*Your task:* Leave out every picture and set down, exactly, the lines below from the one holding "Dani Jo McKing, a" up to and including the one holding "Основные помещения квартиры".

*Data to examine:*
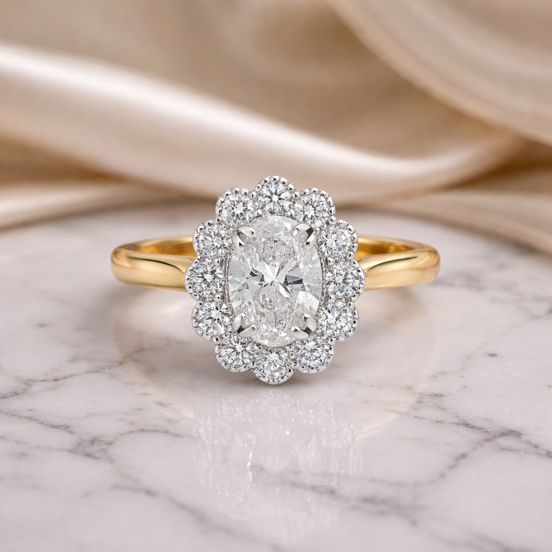 Our signature Kate engagement rings are especially beloved for their soft, romantic beauty. Featuring a brilliant centre diamond encircled by a halo of smaller stones, this design enhances the sparkle and presence of the ring while evoking the grace of a bygone era.
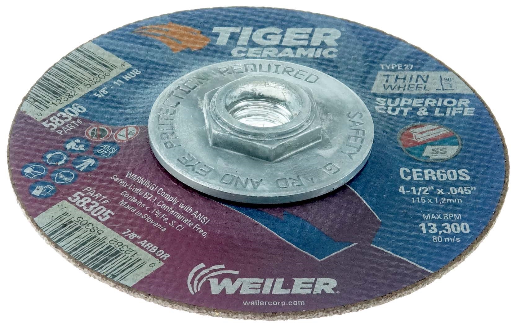- Cool cutting ceramic grains cut at lower temperatures and with less friction, reducing heat discoloration of the work piece.
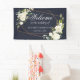 Moderna y de moda, esta pancarta de bienvenida boda presenta un falso cobre geométrico adornado con acuarelas florales de color blanco y eucaliptos verdes, de textura azul marino moderna. Copyright Elegant Invita. Todos Los Derechos Reservados.
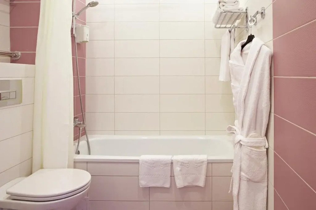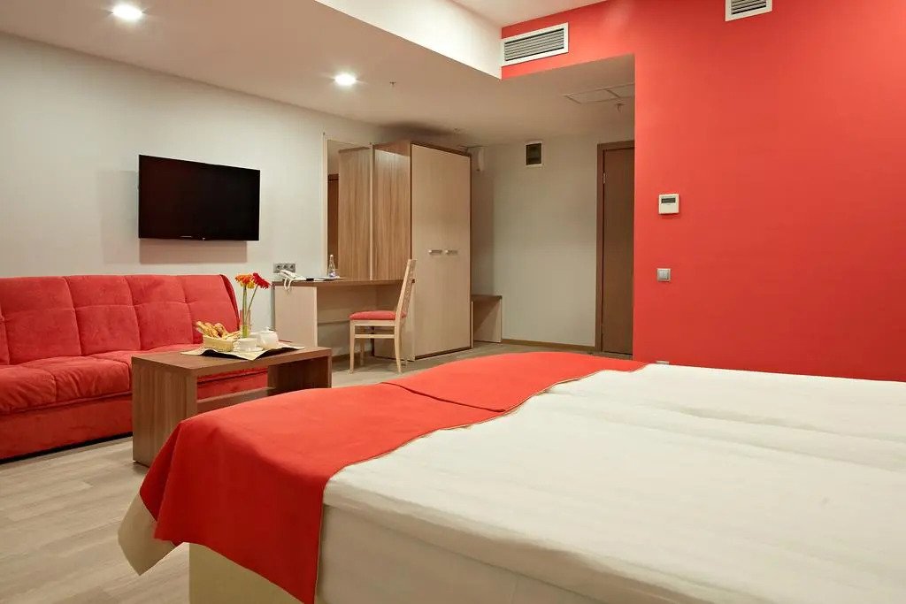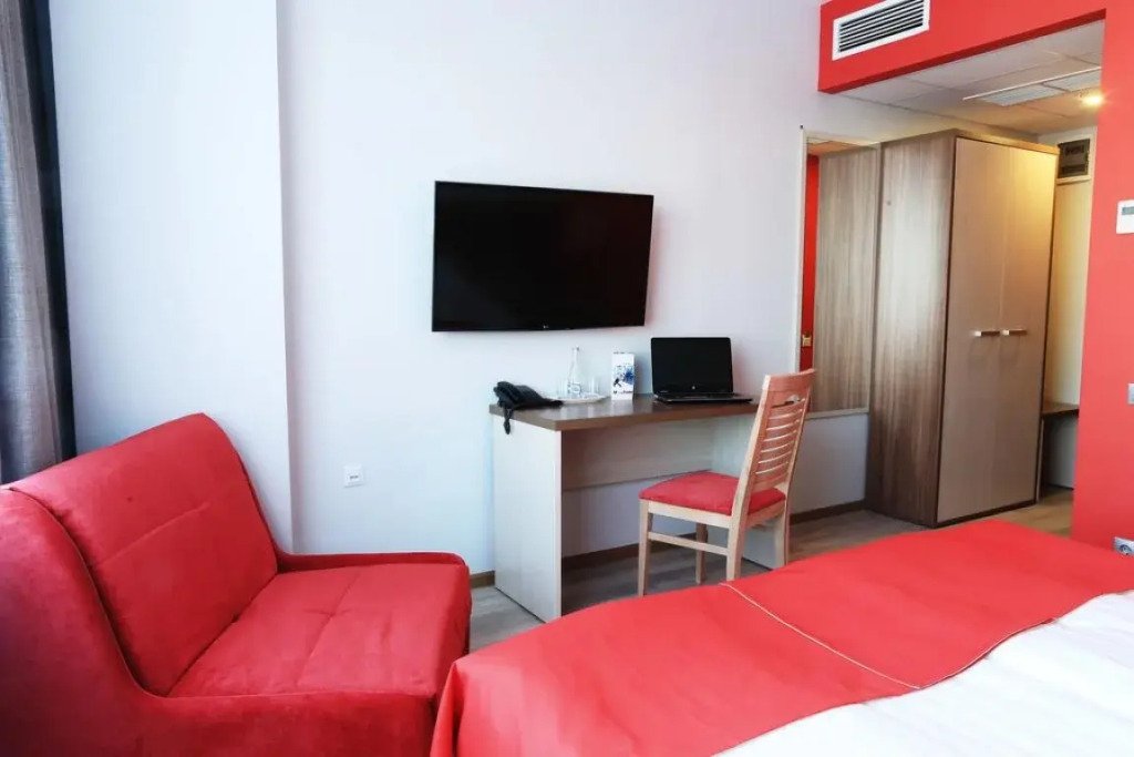 В номере вы найдёте халат и тапочки. Оснащение зависит от выбранной категории номера.
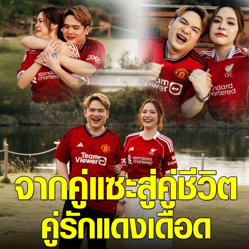 ล่าสุด ทางด้านเพจเฟสบุ๊ก สารคดีชีวิตคู่-เกี้ยวกับเพลง อีกหนึ่งคู่รักที่โด่งดังในโลกโซเชียล แฟนหนุ่มชื่อเกี้ยว เป็นแฟนบอลผีแดง แมนยู ส่วนแฟนสาวชื่อ เพลง เป็นแฟนบอลหงส์แดง ลิเวอร์พูล มักจะมีคอนเทนต์ล้อเรื่องบอลทีมรักกันอยู่บ่อยๆ พร้อมกับชีวิตคู่แบบไม่มีใครยอมกัน ตอนนี้กำลังจะแต่งงาน ได้โพสต์ภาพพรีเวดดิ้ง แน่นอนว่าเป็นเสื้อทีมรักของทั้งคู่ บอกเลยว่าน่ารักมากๆ โดยได้โพสต์ระบุว่า….
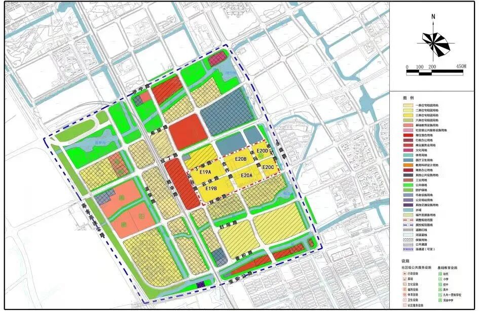 用地性质:为形成复合功能的活力街区,规划范围内E19A-1、E19B-1、E20A-1、E20B-1、E20C-1地块用地性质均为商住混合用地;E20D-1地块用地性质为商住和基础教育设施混合用地。
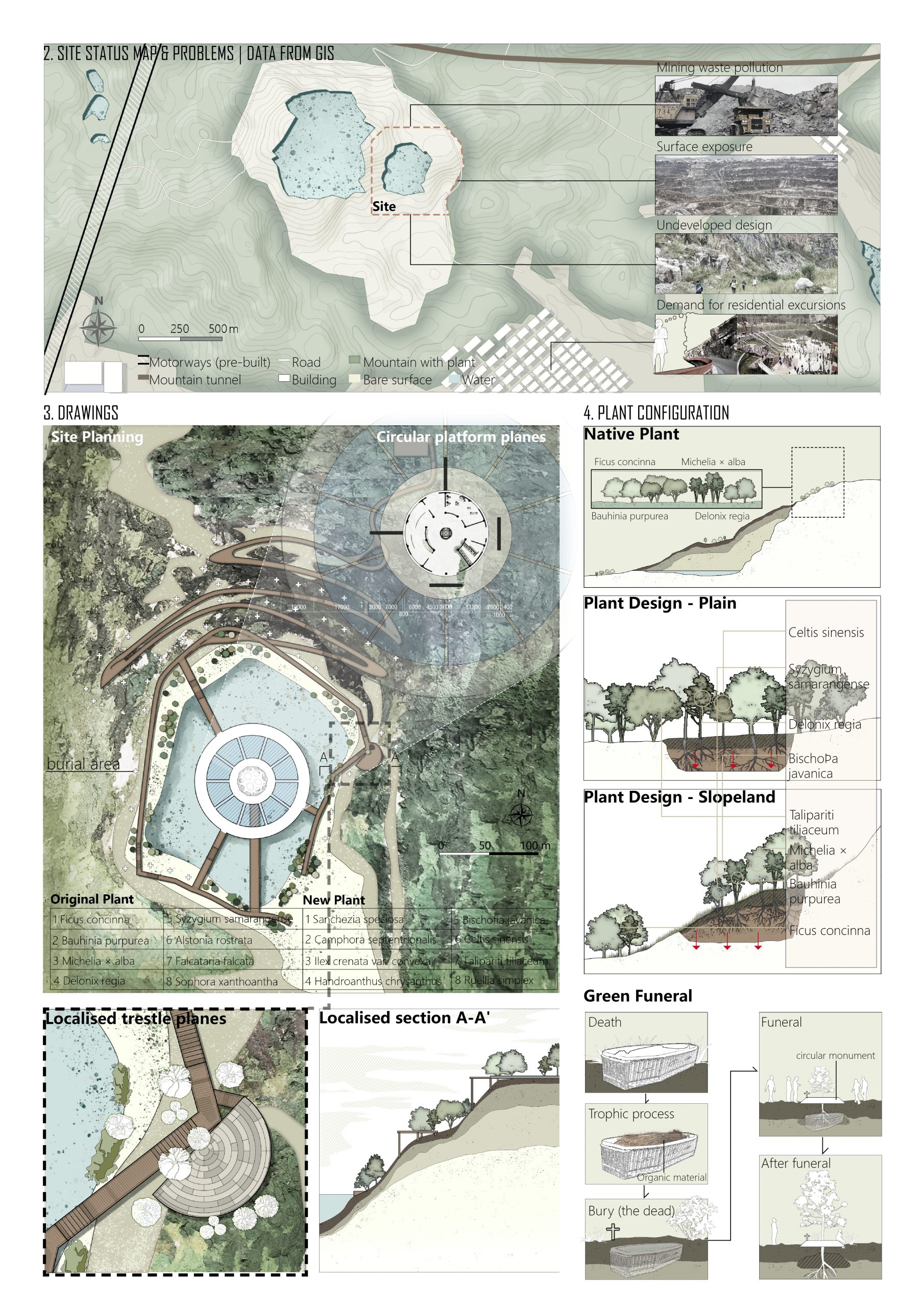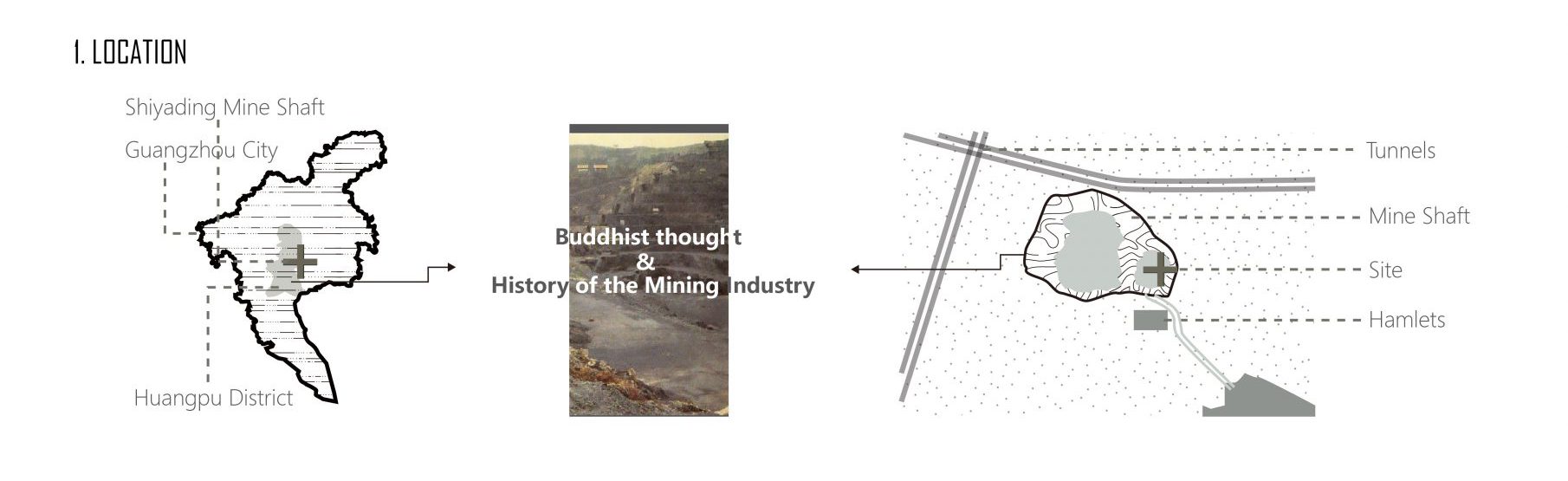 No Self is a monumental landscape and burial design project that unfolds through the universal precepts of Buddhism. In the contemplation of Buddhism’s ALL DHARMAS HAVE NO SELF. The industrial history of the Shiyading mine site in Guangzhou is dismantled into the will to live of specific individuals, restoring the diminished scale of life of the workers in the giant wheel of modernisation.
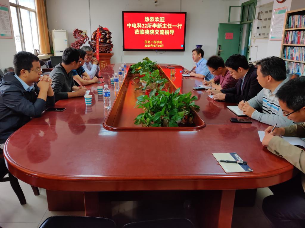 9月19日,信息工程学院与中国电子科技集团公司第二十二研究所创新服务中心副主任李新一行在0号楼502会议室就科研合作进行交流。会议由信息工程学院院长李国厚主持。
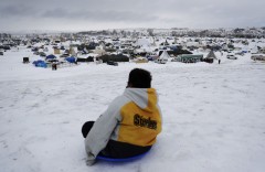 Dani Jo McKing, a member of the Standing Rock Sioux, was among those in line. She and her husband have been sharing cold-weather tips with people who are not from North Dakota. She said people with out-of-state license plates, including California and Nevada, have been seen driving away from the camp. The cruel winter is bound to induce others to head home, she said.
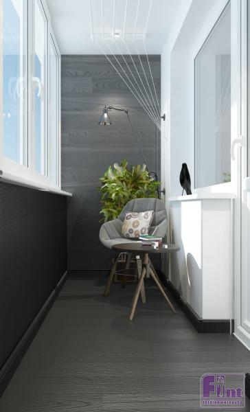 Основные помещения квартиры дополнены лаконичной зоной отдыха, в которую дизайнер превратила балкон квартиры. На небольшом пространстве удалось разместить уютное кресло с компактным журнальным столиком. Отделка стен на балконе повторяет основное стилевое решение квартиры: тёмные основные стены и яркая акцентная стена.
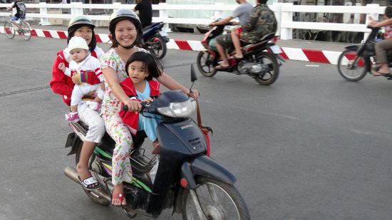 Wohin wollen sie, nach mehreren Versuchen, ach, schreiben sie das doch bitte auf den Zettel, aha nach Can Tho möchten sie. Wohin denn da, in die Stadt möchten wir, oh, in die Stadt. Das ist aber sehr weit (nach unseren Unterlagen etwas über 100 km). Kopfschütteln, großes Palaver zwischen ihnen, dann folgte, am besten sie nehmen ein Taxi, fahren zum Coop-Mart, da fahren manchmal Busse ab. Aber wo genau die hinfahren, konnten sie uns leider nicht sagen.

*Result for this task:*
 Dani Jo McKing, a member of the Standing Rock Sioux, was among those in line. She and her husband have been sharing cold-weather tips with people who are not from North Dakota. She said people with out-of-state license plates, including California and Nevada, have been seen driving away from the camp. The cruel winter is bound to induce others to head home, she said.
 Основные помещения квартиры дополнены лаконичной зоной отдыха, в которую дизайнер превратила балкон квартиры. На небольшом пространстве удалось разместить уютное кресло с компактным журнальным столиком. Отделка стен на балконе повторяет основное стилевое решение квартиры: тёмные основные стены и яркая акцентная стена.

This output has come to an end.